Write a C program that will replace all spaces with ‘%20′

Examples

Input: s = "Mr John Smith"
Output: "Mr%20John%20Smith

Solution

Method 1 - Count spaces and traverse from end

The algorithm is as follows:

  1. Count the number of spaces during the first scan of the string.
  2. Parse the string again from the end and for each character:         If a space is encountered, store “%20”.         Else, store the character as it is in the newly shifted location.

Code

C
void replaceSpaces(char[] str, int length) {
    int spaceCount = 0, newLength, i = 0;

    for (i = 0; i < length; i++) {
        if (str[i] == ' ') {
            spaceCount++;
        }
    }

    newLength = length + spaceCount * 2;
    str[newLength] = '\0';
    for (i = length - 1; i >= 0; i--) {
        if (str[i] == '') {
            str[newLength - 1] = '0';
            str[newLength - 2] = '2';
            str[newLength - 3] = '%';
            newLength = newLength - 3;

        } else {
            str[newLength - 1] = str[i];
            newLength = newLength - 1;
        }
    }
}

Complexity

  • ⏰ Time complexity: O(n), where n is the length of the string.
  • 🧺 Space complexity: O(1) - no extra space

Method 2 - Count spaces and traverse from end

Here we are traversing in forward direction.

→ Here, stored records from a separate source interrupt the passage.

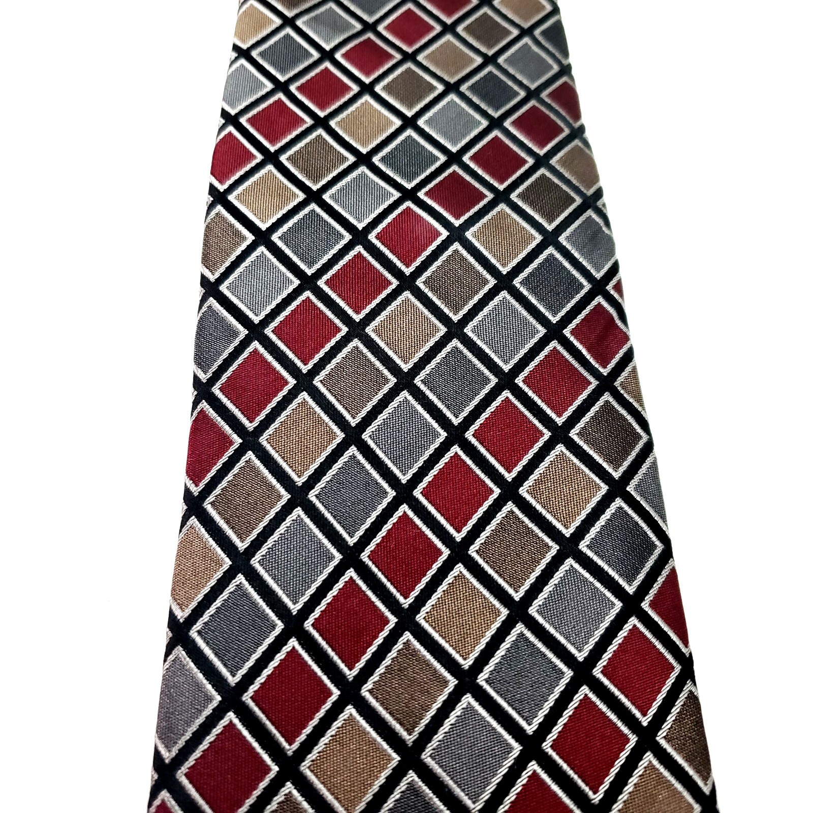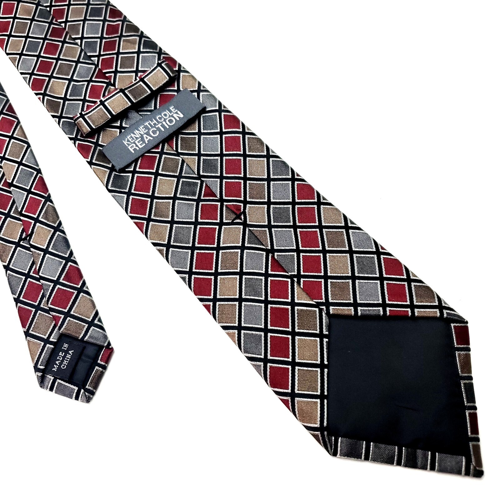 Kenneth Cole Reaction Gray Multi-Colored Silk Tie Woven Check
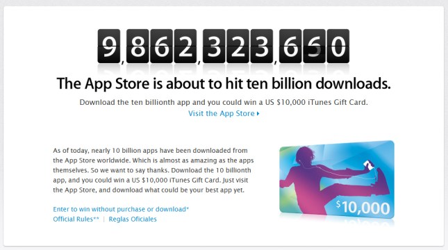 Но, вместо да се впускаме в алабалистики, нека да се съсредоточим върху 10,000,000,000 свалени апликации. По времето на писане на тази статия, броя на свалените приложения от апп стора е около 9 862 400 000, а най-забавното е, че този който направи далнлоуд номер 10,000,000,000 ще получи скромният подарък от $10 000 под формата на iTunes Gift Card… Което означава, че ще може да си сваля апове „без пари“ през следващите 100-тина години. 😀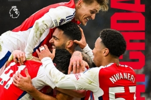 体育资讯2月22日讯 本轮英超阿森纳将坐镇主场迎战西汉姆,球队官推也晒出海报为本场比赛预热,海报中是厄德高、恩瓦内里等人与梅里诺庆祝进球合影。

Here is a c code doing the similar stuff, borrowed from here.

Code

C

Point to note here is that when you are using malloc, set the last index to ‘\0’ as it is a c-style string OR you can use calloc.

void replaceSpaces() {
    char src[] = "helo b";
    int len = 0, spaces = 0;
    /* Scan through src counting spaces and length at the same time */
    while (src[len]) {
        if (src[len] == ' ')
            ++spaces;
        ++len;
    }
    /* Figure out how much space the new string needs (including 0-term) and allocate it */
    int newLen = len + spaces * 2 + 1;
    char * dst = malloc(newLen);
    /* Scan through src and either copy chars or insert %20 in dst */
    int srcIndex = 0, dstIndex = 0;
    while (src[srcIndex]) {
        if (src[srcIndex] == ' ') {
            dst[dstIndex++] = '%';
            dst[dstIndex++] = '2';
            dst[dstIndex++] = '0';
            ++srcIndex;
        } else {
            dst[dstIndex++] = src[srcIndex++];
        }
    }
    dst[dstIndex] = '\0';
    /* Print the result */
    printf("New string: '%s'\n", dst);
    /* And clean up */
    free(dst);
    return 0;
}

Complexity

  • ⏰ Time complexity: O(n), where n is the length of the string.
  • 🧺 Space complexity: O(1) - no extra space